Not as bad as it could have been!
The only thing I'll add is the question of how 'we' are influenced by presumed biography without knowing it - I guarantee you'll find it hard to read/watch some of the early comedies (and the 'notes' if you were foolish enough to have an Arden) without thinking back on a very different world to the one assumed by the male interpretations and note-makers.
We can't watch a Shakespeare play without having a sense of 'another world' - our knowledge of the 'Merry England Elizabethan' does have an impact on how we interpret the play - the beauty of this book for me is the widening of that knowledge - and the very different perspective on what is a major theme in Shakespeare's works - love, marriage and gender relationships.

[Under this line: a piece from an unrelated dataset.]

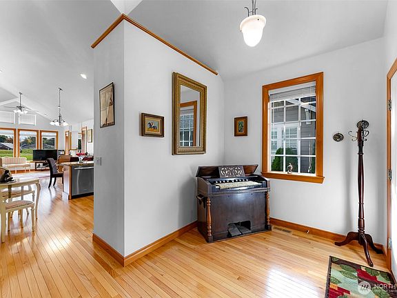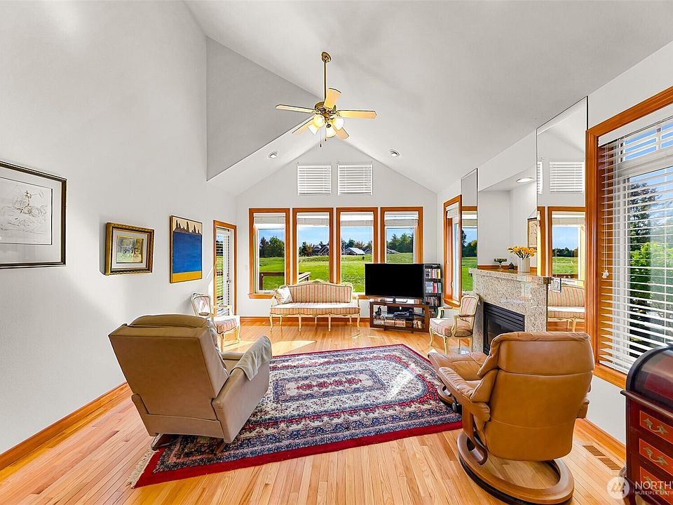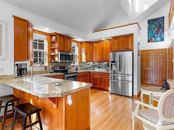 First time on the market for this stunning Homestead home on the 17th tee! With views of Mt. Baker & the Sisters from both decks, this beautiful 3 bed + office space, 2.5 bath home boasts custom features including hardwood floors throughout, spacious kitchen with granite countertops & stylish tile finishes. Light floods the main living space with soaring vaulted ceilings & granite fireplace. Retreat to the main level primary suite with en suite bathroom, jetted tub, bidet toilet, walk-in closet & private deck. Bedroom closets have custom closet organizers & all windows are coated with UV protection. The spacious garage features an epoxied floor & wash basin with plenty of room for parking & storage. Schedule your private showing today!

I defy you (which means you'll do it to spite me anyway) to read the 'Let me not to the marriage of true minds' sonnet knowing Shakespeare loved Ann and not think it is about his seperation from her ...
(And a great verification today:
artjts)
(By the way, the review is good - but I'm not going to admit it.)
Excellent review; lol good. I saw Germaine on the Amsterdam leg of her book-selling tour.
She mentioned how she and Greenblatt studied together and went their separate feminist and new historicist ways.
They are in NYC at the same time either in May or June I think.
Yes there is an element of satire in Germaine's 'wife', also a commentary on the biography of her better-accounted-for hubby.
She could maybe do her next book on his brother Gilbert the haberdasher in London, never married, probably very good with a needle thanks to the glovemaker's upbringing.
A little stressed fact in the Hathaway saga is that Will's dad lent her dad some money when he'd have been about 8/9 and she 15/16.
I find the book fits as an exploration of domestic life in Early Modern England but Germaine is really punching out at the scholarly establishment with this one.
It's doubly funny because i thought her biography entitled Shakespeare one of the sanest and most succinct accounts.
And as for Mary. What does Germaine think of her mum?